TASK DIRECTIONS: Your answer must be the exact lines from the one holding "그러면 애플뮤직과 아이튠스에는 제 곡이 발매가 안되는 거에요." through the last line of the records below, with no pictures.

EXERCISE INPUTS:

-.-.-

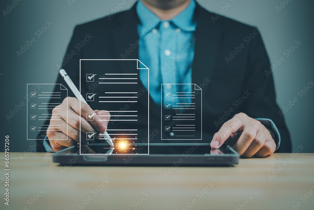 E-signature document electronic online digital e-Commerce business paperless on computer man using pen sign virtual on notebook screen
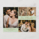 Elegant, Minimalist Hand Lettered Wedding 4 Photo Collage Thank You postcard. Stylish wedding thank you card template featuring four (4) photo on the front and one photo on the back. With the text "Love and thanks" in a swirly hand lettered typography script font with swash-tail font in gold on light sage green, or dusty sage green colour background. Add your custom name and thank you message. If you prefer to handwrite your note, just delete the sample text to make more space. If You need help or matching item, please contact to me!
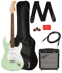 Fender Squier Sonic Stratocaster Pack - Surf Green Bundle with Frontman 10G Amp, Gig Bag, Instrument Cable, Strap, Picks, and 3-
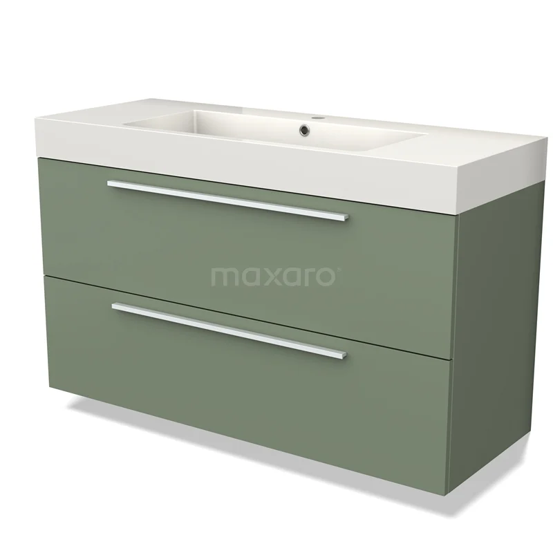 Modulo Waschtische | 120 cm Salbeigrün Flach front Mineralguss 2 übereinanderliegende Schubladen
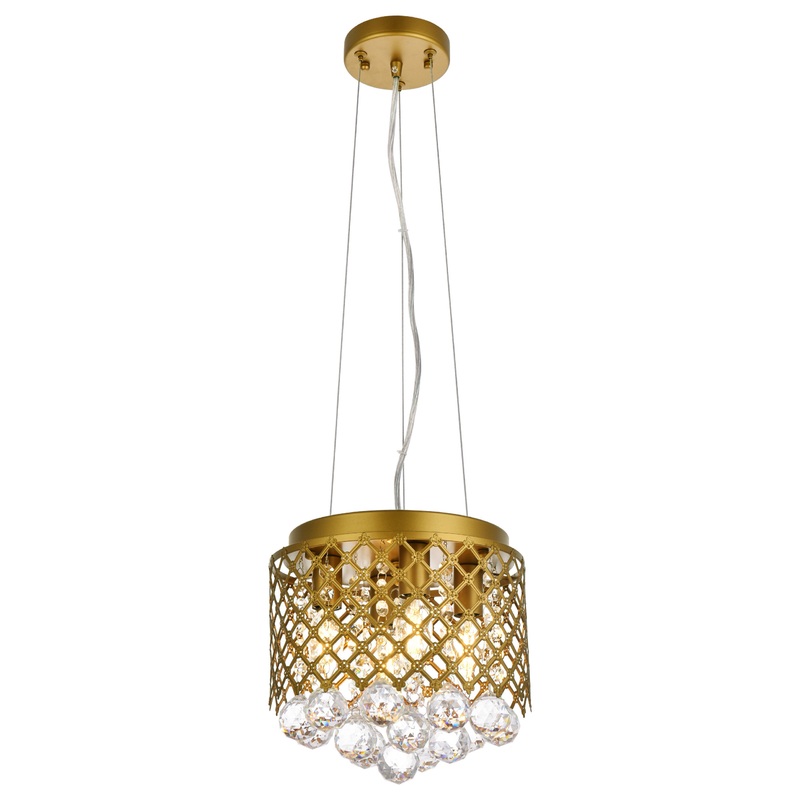 The elegant lattice metal curtain allows for the hanging crystals to play and dance around the illuminating light, with larger crystals at the base peeking out to say hello. Lights on or off, this gorgeous pendant will surely make quite a statement in your home!
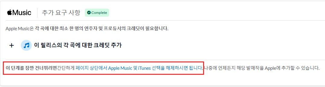 그러면 애플뮤직과 아이튠스에는 제 곡이 발매가 안되는 거에요.
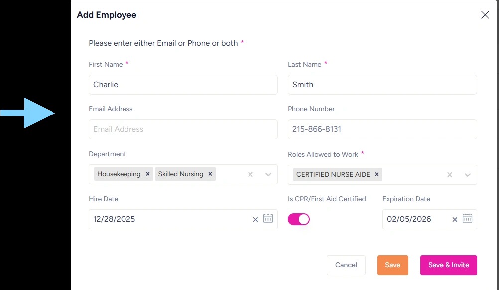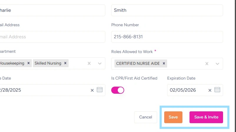 Save & Invite will result in an invite sent to employee’s phone number or email address immediately.
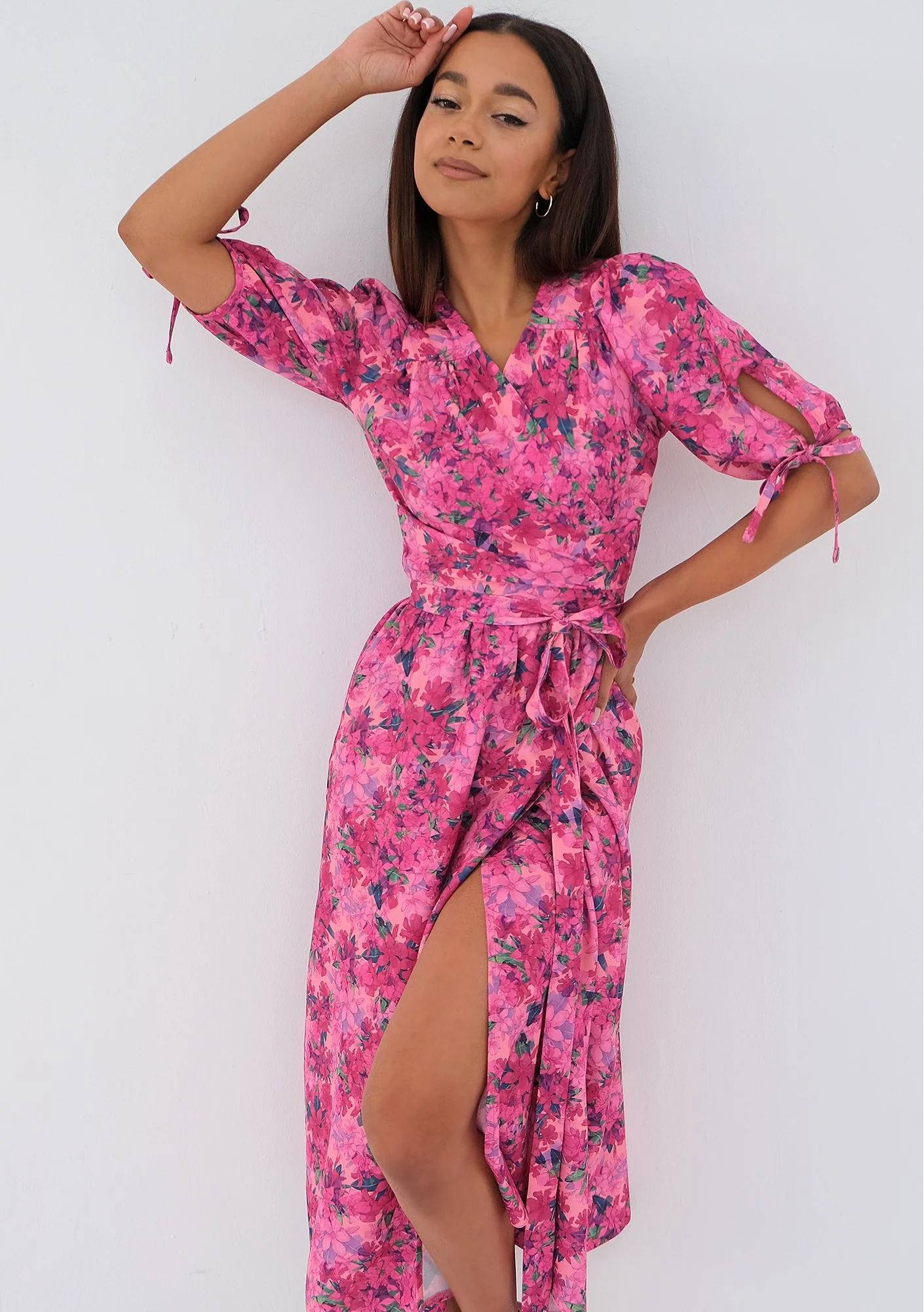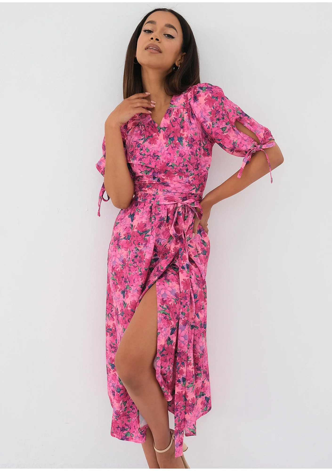 Milly - Kopertowa sukienka w kwiatki Pink

-.-.-

THE ANSWER:
 그러면 애플뮤직과 아이튠스에는 제 곡이 발매가 안되는 거에요.
 Save & Invite will result in an invite sent to employee’s phone number or email address immediately.
 Milly - Kopertowa sukienka w kwiatki Pink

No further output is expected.